The problem: Would you repeat the data below exactly, taking out the images?

Input data:
******************************

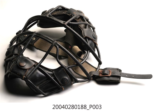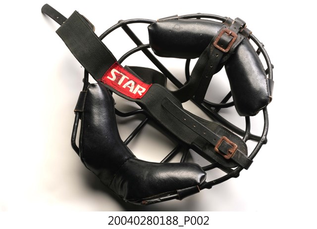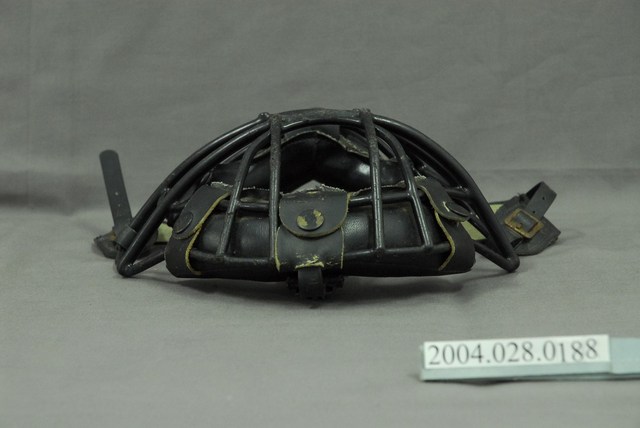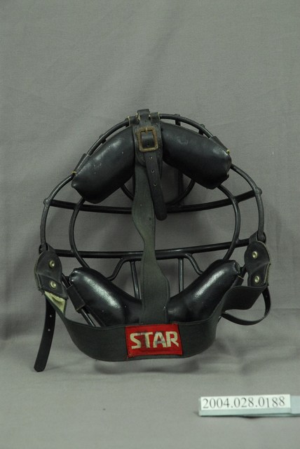 1.本物件棒球捕手面盔,正面由黑色鐵絲連結而成,面罩內上下各有1塊黑色軟墊,面罩背面有一條黑色帶子,連結面罩上、左、右,連接處皆有扣環可調鬆緊,帶子內側為淺綠色,外側有一只布標以紅底白字書寫STAR。
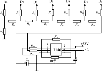 這需要將計(jì)數(shù)器的二進(jìn)制數(shù)轉(zhuǎn)化為電壓。顯然用D/A轉(zhuǎn)換是可以的,但電路復(fù)雜程度上升,成本也有所提高。故為了簡(jiǎn)化電路我們僅借用D/A轉(zhuǎn)換網(wǎng)絡(luò)的思想,利用權(quán)電阻T形網(wǎng)絡(luò)將4516的7位數(shù)值變換成模擬量輸出,推動(dòng)電壓表指示,見(jiàn)圖5。
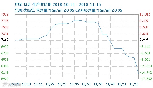 作为化工行业最重要的原料之一,原油的价格涨跌将直接影响化工行业整体的盈利状况。近期,全球三大产油国美国、俄罗斯、沙特的原油产量上升令国际油价承压下行。国际油价进入断崖式下跌,国内油价也随着下跌,油价也进入了便宜时代,油价疯狂上涨,但也疯狂下跌,当地时间11月13日,美原油价格暴跌8%,连续12个交易日下跌,创下三年多来最大单日跌幅。全球原油价格基准布伦特原油期货也重挫6.6%,陷入熊市,报每桶65.47美元,为7月以来最大单日跌幅。紧跟原油步伐,甲苯价格连续暴跌,从10月30日到11月15日,甲苯综合价格从7908.75元/吨下降到6109.38元/吨,下跌1799.37元/吨,跌幅22.75%。
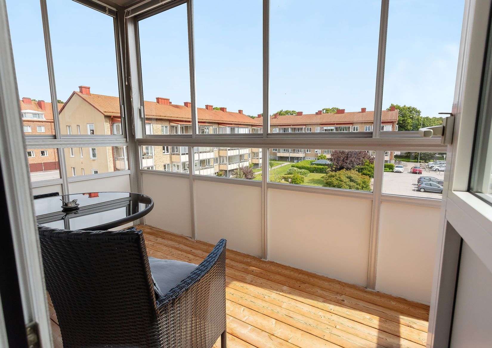 Lägenheten erbjuder två rymliga sovrum, ett stort och hemtrevligt vardagsrum samt ett kök med gott om förvaring och arbetsyta. Den inglasade balkongen blir ett extra rum större delen av året – perfekt för morgonkaffet, en god bok eller kvällsmiddagar med utsikt över stadens takåsar.

******************************

Result:
 1.本物件棒球捕手面盔,正面由黑色鐵絲連結而成,面罩內上下各有1塊黑色軟墊,面罩背面有一條黑色帶子,連結面罩上、左、右,連接處皆有扣環可調鬆緊,帶子內側為淺綠色,外側有一只布標以紅底白字書寫STAR。
 這需要將計(jì)數(shù)器的二進(jìn)制數(shù)轉(zhuǎn)化為電壓。顯然用D/A轉(zhuǎn)換是可以的,但電路復(fù)雜程度上升,成本也有所提高。故為了簡(jiǎn)化電路我們僅借用D/A轉(zhuǎn)換網(wǎng)絡(luò)的思想,利用權(quán)電阻T形網(wǎng)絡(luò)將4516的7位數(shù)值變換成模擬量輸出,推動(dòng)電壓表指示,見(jiàn)圖5。
 作为化工行业最重要的原料之一,原油的价格涨跌将直接影响化工行业整体的盈利状况。近期,全球三大产油国美国、俄罗斯、沙特的原油产量上升令国际油价承压下行。国际油价进入断崖式下跌,国内油价也随着下跌,油价也进入了便宜时代,油价疯狂上涨,但也疯狂下跌,当地时间11月13日,美原油价格暴跌8%,连续12个交易日下跌,创下三年多来最大单日跌幅。全球原油价格基准布伦特原油期货也重挫6.6%,陷入熊市,报每桶65.47美元,为7月以来最大单日跌幅。紧跟原油步伐,甲苯价格连续暴跌,从10月30日到11月15日,甲苯综合价格从7908.75元/吨下降到6109.38元/吨,下跌1799.37元/吨,跌幅22.75%。
 Lägenheten erbjuder två rymliga sovrum, ett stort och hemtrevligt vardagsrum samt ett kök med gott om förvaring och arbetsyta. Den inglasade balkongen blir ett extra rum större delen av året – perfekt för morgonkaffet, en god bok eller kvällsmiddagar med utsikt över stadens takåsar.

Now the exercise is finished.